El Ministerio de Ambiente hizo precisiones sobre el uso de recursos del Artículo 111 de la Ley 99 de 1993, que obliga a municipios y departamentos a destinar el 1% de sus ingresos libres para la adquisición o mantenimiento de áreas estratégicas hídricas y el pago por servicios ambientales (PSA). El concepto aclara que la reforestación protectora es viable en zonas hídricas críticas, incluso si los predios no se compraron con esos fondos, siempre que hayan sido adquiridos por entidades territoriales para la conservación de cuencas. Subraya que el "mantenimiento" implica actividades directas de preservación y restauración de ecosistemas. Respecto a nuevas inversiones, reitera que los fondos tienen destinación específica: compra de predios, mantenimiento o PSA, incluyendo gastos asociados como monitoreo o administración. Sin embargo, no autoriza el uso de estos recursos para la contratación de personal técnico para seguimiento o supervisión, ya que no son acciones directas sobre los predios ni gastos asociados permitidos.
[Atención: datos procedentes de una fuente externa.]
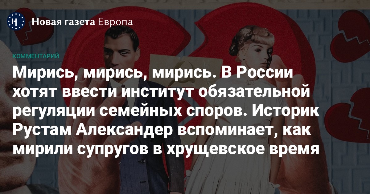 Россиян хотят заставить перед разводом проходить обязательную медиацию, чтобы таким образом попытаться урегулировать конфликт. Планируется, что мирить супругов будет посредник из специального утвержденного реестра. Этот шаг очень напоминает попытки советской власти укрепить браки во что бы то ни стало — особенно в хрущевское время.

La CRA precisó cómo calcular el Costo de Limpieza Urbana por Suscriptor (CLUS) y el Costo de Barrido y Limpieza de Vías y Áreas Públicas por Suscriptor (CBLS) cuando otros prestadores municipales no reportan información al Sistema Único de Información (SUI) ni responden comunicaciones. Dado que son actividades de tarifa única municipal, el numerador de la fórmula (costos) solo incluirá los reportados por los prestadores que sí acreditan su servicio en el SUI. Sin embargo, el denominador (número total de suscriptores) debe considerar a todos los suscriptores del municipio, incluso aquellos cuyos prestadores incumplen el reporte. La información del SUI es la fuente oficial, y lo no reportado no genera costos regulatoriamente. La Superintendencia de Servicios Públicos Domiciliarios (SSPD) es responsable de sancionar este incumplimiento, el cual afecta la suficiencia financiera de los prestadores que sí cumplen.
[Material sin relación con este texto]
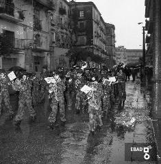 Bambini di una banda musicale di bersaglieri in via Matteo Ripa

La Contraloría General de la República precisó que las empresas de servicios públicos domiciliarios con participación pública mayoritaria o relevante pueden condonar total o parcialmente intereses moratorios, incluso cuando las obligaciones ya han sido judicializadas, sin que ello constituya automáticamente un detrimento patrimonial. Según el organismo, la existencia de procesos ejecutivos, sentencias o liquidaciones judiciales no elimina las facultades de administración y normalización de cartera previstas en la Ley 142 de 1994. No obstante, aclaró que estas decisiones deben estar sustentadas en criterios objetivos de recuperabilidad, análisis costo-beneficio, eficiencia administrativa y sostenibilidad financiera. La CGR enfatizó que los intereses moratorios tienen naturaleza accesoria y pueden ser objeto de negociación, siempre que la medida busque maximizar el recaudo efectivo, reducir riesgos de incobrabilidad o evitar litigios prolongados. Asimismo, advirtió que la flexibilización de intereses no puede convertirse en una práctica ordinaria, sino responder a políticas institucionales debidamente justificadas y orientadas a la protección material del patrimonio público.